A diverse array of heteroatom-containing compounds has been synthesized via reactions of zirconaaziridines with unsaturated substrates. Notably, asymmetric induction in the reaction of amines with alkynes, alkenes, or aldehydes in the presence of zirconaaziridines 210 has been demonstrated, yielding allylic amines 212a–i and phenylalkyl amines 212j,k with respectable yields (3872%) and high enantioselectivity (Scheme 63) [50].

Reactions of complexes 214 with various alkenes furnished metallocycles 215a–d in yields ranging from 67% to 94% (Scheme 64) [157]. Diastereoselectivity in reactions with aliphatic alkenes was enhanced using the bis-indenyl catalyst rac-213, achieving up to 83%de, whereas the tetrahydroindenyl analog rac-17 exhibited diminished stereoselectivity (66%de). Employing styrene or vinyltrimethylsilane as substrates altered regioselectivity and augmented diastereoselectivity to 98%de, independent of catalyst structure. Reaction of 1-alkenes with excess picoline in the presence of optically active dimethylzirconocene p-S,p-S-17 and [HNBu₃][BPh₄] afforded substituted pyridine 216 with 58%ee (R) (Scheme 64).

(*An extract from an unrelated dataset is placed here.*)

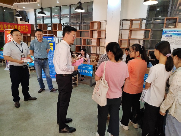 学院党委书记史忠丰(左三)与求职同学亲切交流
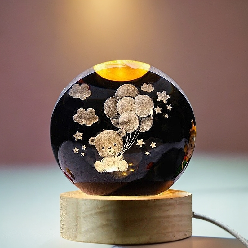 3D Carved Bear Crystal Ball Night Light with Wooden Base - Kids Gift Healing Decor

Reactions of alkyl- or aryl-substituted zirconaziridine 210 with ethylene carbonate or isocyanates produced amino acid esters 218a–h with enantiomeric purities up to 98%ee, and phenylglycinamides 220a–d with 80-99%ee, respectively (Scheme 65) [156]. In these transformations, the ansa-complex functions both as catalyst and substrate, necessitating stoichiometric amounts of the initial complex.

In discussing the plausible mechanism of stereoinduction, a hypothesis was proposed correlating enantioselectivity with the equilibrium between epimers of zirconaziridine 210. This ratio can be modulated by varying reagent quantities (ethylene carbonate or isocyanate), reaction parameters (temperature, solvent), or substrate substituents (Scheme 66).

Furthermore, it was demonstrated that the reaction of enantiomerically enriched imido-complex p-S,p-S-222 with allenes proceeds via kinetic resolution, yielding a single R-enantiomer of allene 225 with 50–61% yield and 7898%ee (Scheme 67) [158]. The more reactive allene enantiomer was subsequently regenerated from the metallacycle by treatment with the parent allene, 1,2-propadiene. Thus, the kinetically favored S-allene enantiomer was recovered from metallacycle R,p-S,p-S-223 via reaction with 1,2-propadiene.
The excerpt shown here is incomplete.